Collected data entries -
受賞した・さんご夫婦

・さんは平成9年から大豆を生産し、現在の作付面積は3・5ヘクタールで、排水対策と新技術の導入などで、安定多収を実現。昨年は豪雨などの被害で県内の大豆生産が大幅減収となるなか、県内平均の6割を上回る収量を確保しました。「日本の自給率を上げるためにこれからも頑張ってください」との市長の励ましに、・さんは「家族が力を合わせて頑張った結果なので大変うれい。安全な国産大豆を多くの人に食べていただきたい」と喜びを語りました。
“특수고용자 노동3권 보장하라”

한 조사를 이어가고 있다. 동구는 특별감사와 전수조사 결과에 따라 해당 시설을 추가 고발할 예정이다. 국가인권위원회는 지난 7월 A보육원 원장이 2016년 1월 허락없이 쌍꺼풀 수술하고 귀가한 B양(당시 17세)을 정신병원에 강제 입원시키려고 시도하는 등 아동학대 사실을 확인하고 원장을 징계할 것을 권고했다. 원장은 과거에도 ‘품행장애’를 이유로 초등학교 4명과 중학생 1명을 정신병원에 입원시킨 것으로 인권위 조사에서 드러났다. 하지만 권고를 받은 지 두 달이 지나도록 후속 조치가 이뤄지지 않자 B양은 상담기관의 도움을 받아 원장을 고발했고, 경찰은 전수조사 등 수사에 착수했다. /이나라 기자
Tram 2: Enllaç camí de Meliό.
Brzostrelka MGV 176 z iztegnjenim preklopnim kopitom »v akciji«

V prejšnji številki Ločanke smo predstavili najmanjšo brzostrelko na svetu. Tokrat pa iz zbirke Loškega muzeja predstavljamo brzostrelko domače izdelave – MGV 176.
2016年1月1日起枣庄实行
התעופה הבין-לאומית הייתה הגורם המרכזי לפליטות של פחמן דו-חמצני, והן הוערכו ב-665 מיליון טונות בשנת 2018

ABOUT THIS TASK -
The task calls for each record to be returned verbatim.

RESULT -
受賞した・さんご夫婦

・さんは平成9年から大豆を生産し、現在の作付面積は3・5ヘクタールで、排水対策と新技術の導入などで、安定多収を実現。昨年は豪雨などの被害で県内の大豆生産が大幅減収となるなか、県内平均の6割を上回る収量を確保しました。「日本の自給率を上げるためにこれからも頑張ってください」との市長の励ましに、・さんは「家族が力を合わせて頑張った結果なので大変うれい。安全な国産大豆を多くの人に食べていただきたい」と喜びを語りました。
“특수고용자 노동3권 보장하라”

한 조사를 이어가고 있다. 동구는 특별감사와 전수조사 결과에 따라 해당 시설을 추가 고발할 예정이다. 국가인권위원회는 지난 7월 A보육원 원장이 2016년 1월 허락없이 쌍꺼풀 수술하고 귀가한 B양(당시 17세)을 정신병원에 강제 입원시키려고 시도하는 등 아동학대 사실을 확인하고 원장을 징계할 것을 권고했다. 원장은 과거에도 ‘품행장애’를 이유로 초등학교 4명과 중학생 1명을 정신병원에 입원시킨 것으로 인권위 조사에서 드러났다. 하지만 권고를 받은 지 두 달이 지나도록 후속 조치가 이뤄지지 않자 B양은 상담기관의 도움을 받아 원장을 고발했고, 경찰은 전수조사 등 수사에 착수했다. /이나라 기자
Tram 2: Enllaç camí de Meliό.
Brzostrelka MGV 176 z iztegnjenim preklopnim kopitom »v akciji«

V prejšnji številki Ločanke smo predstavili najmanjšo brzostrelko na svetu. Tokrat pa iz zbirke Loškega muzeja predstavljamo brzostrelko domače izdelave – MGV 176.
2016年1月1日起枣庄实行
התעופה הבין-לאומית הייתה הגורם המרכזי לפליטות של פחמן דו-חמצני, והן הוערכו ב-665 מיליון טונות בשנת 2018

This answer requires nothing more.